### REQUIRED ACTION
When you copy the material below, keep every line exact and drop the pictures.

### RECORDED DATA
_____

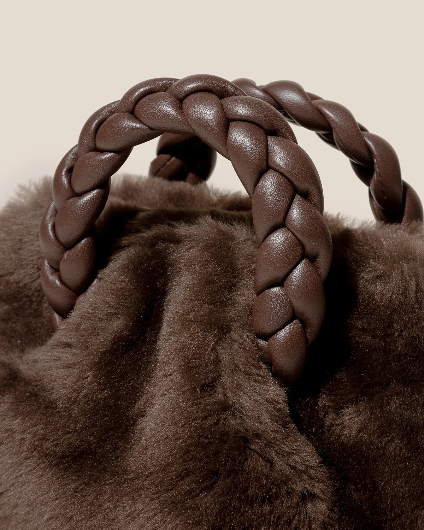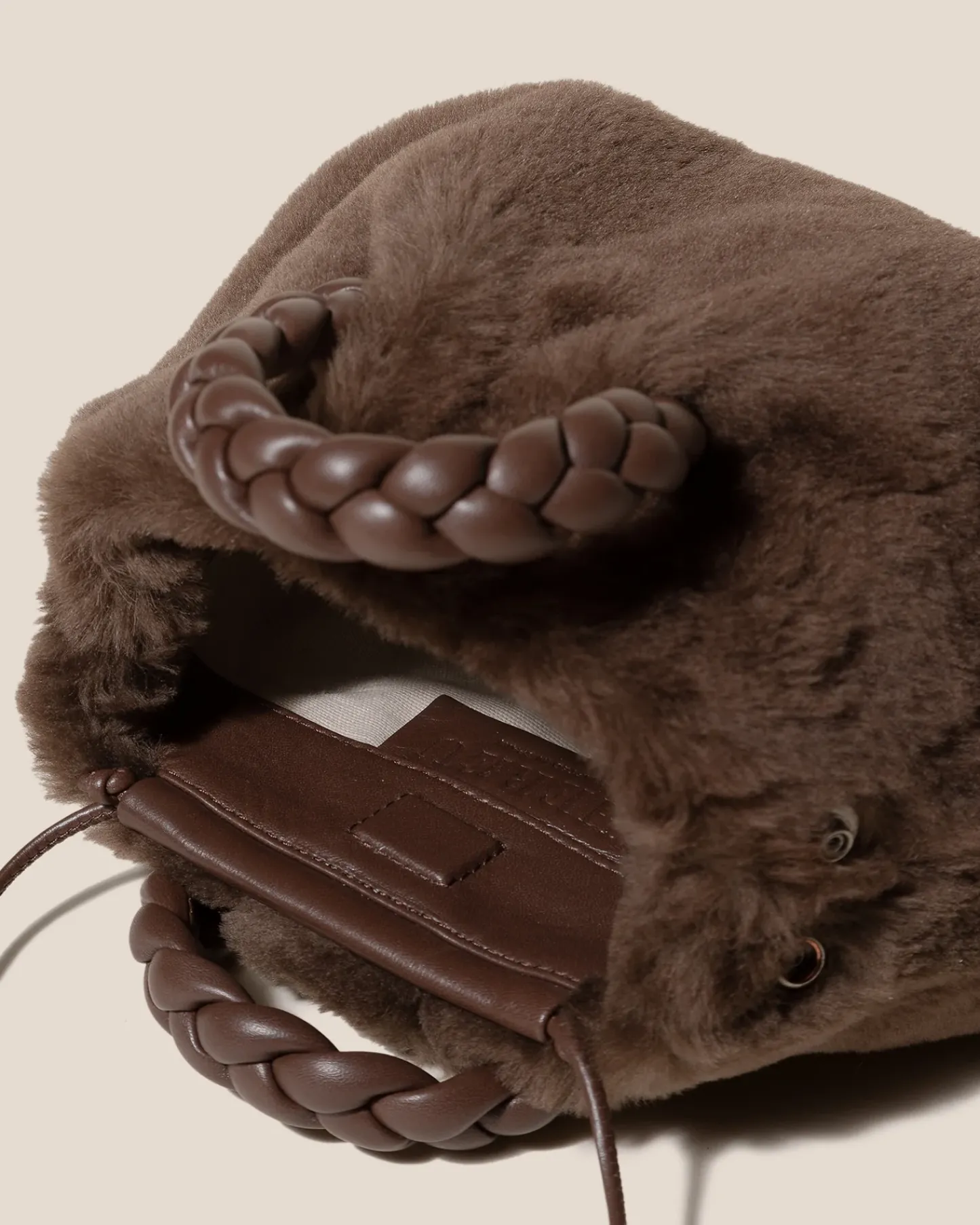 Small crossbody bag with braided leather handles, crafted in shearling sheepskin and supple lambskin.
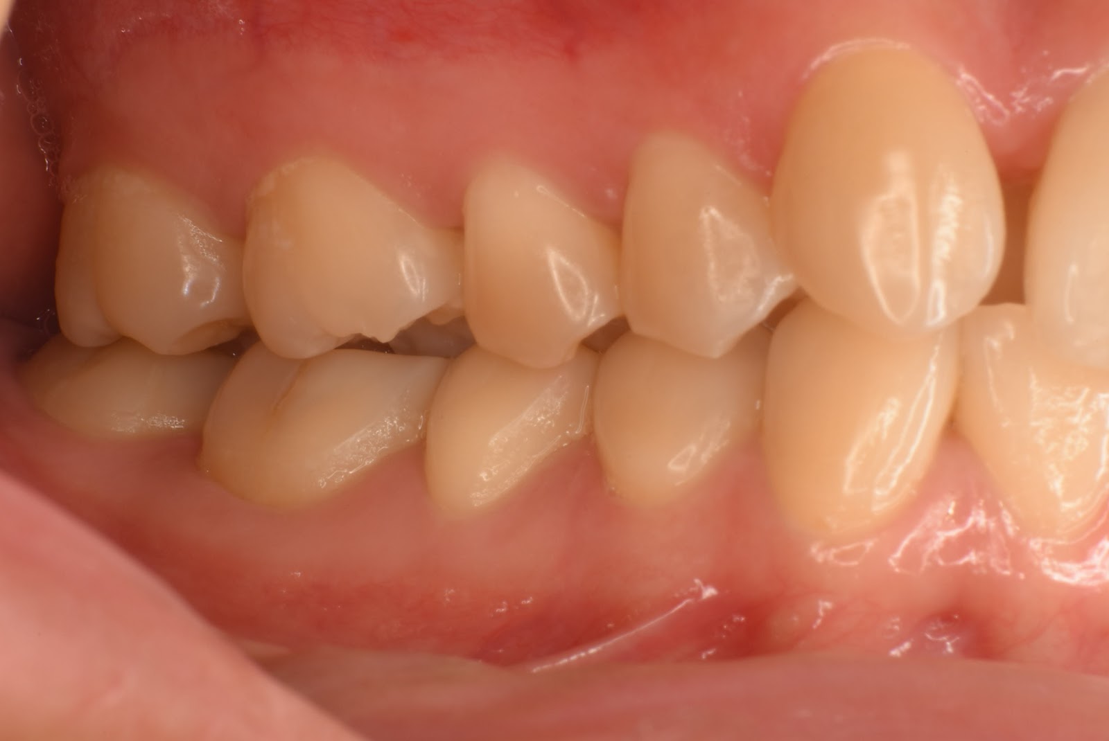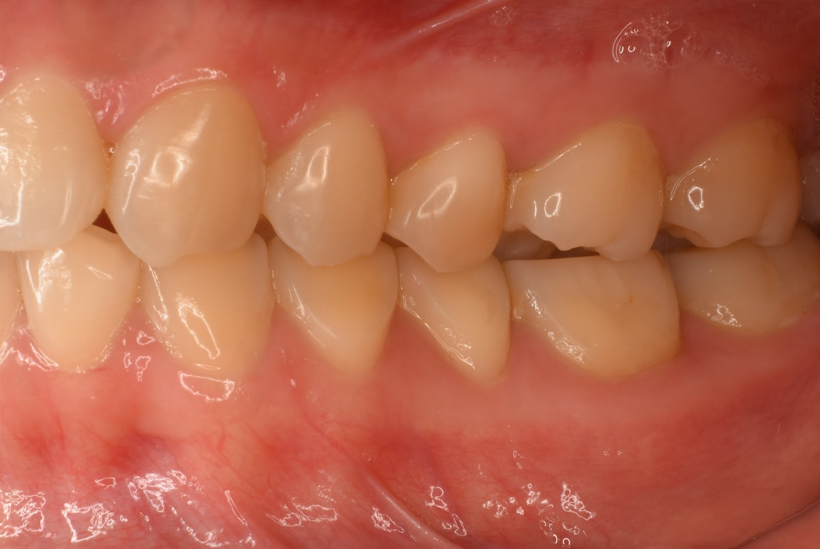 上の前歯が一本内側に入っているのが気になる。磨きにくい。全体的に歯のすり減りも気になっている。
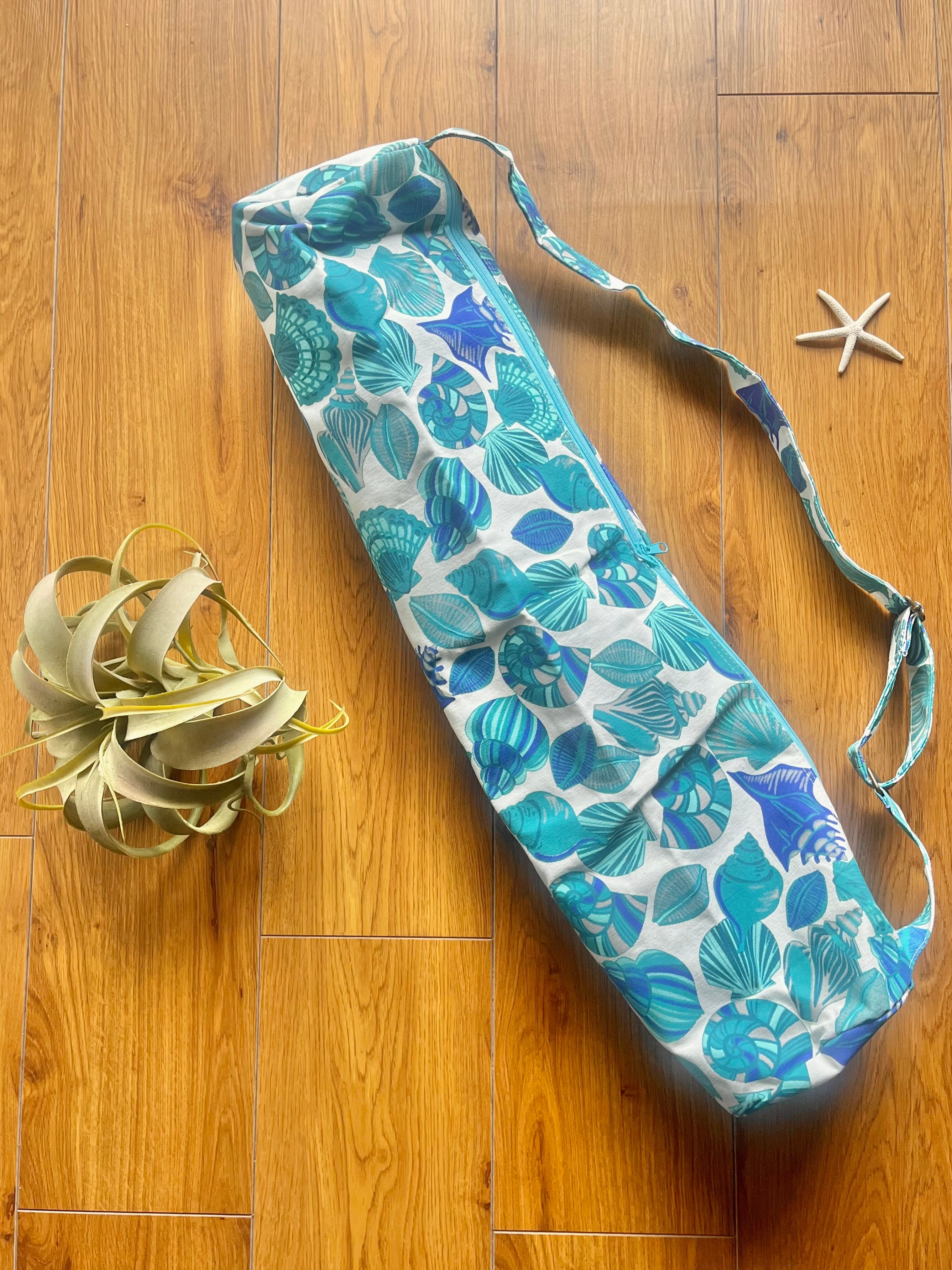 ホワイトにスカイブルーのシェル柄がかわいいヨガマットバッグ❤️

_____

### YOUR RESPONSE
 Small crossbody bag with braided leather handles, crafted in shearling sheepskin and supple lambskin.
 上の前歯が一本内側に入っているのが気になる。磨きにくい。全体的に歯のすり減りも気になっている。
 ホワイトにスカイブルーのシェル柄がかわいいヨガマットバッグ❤️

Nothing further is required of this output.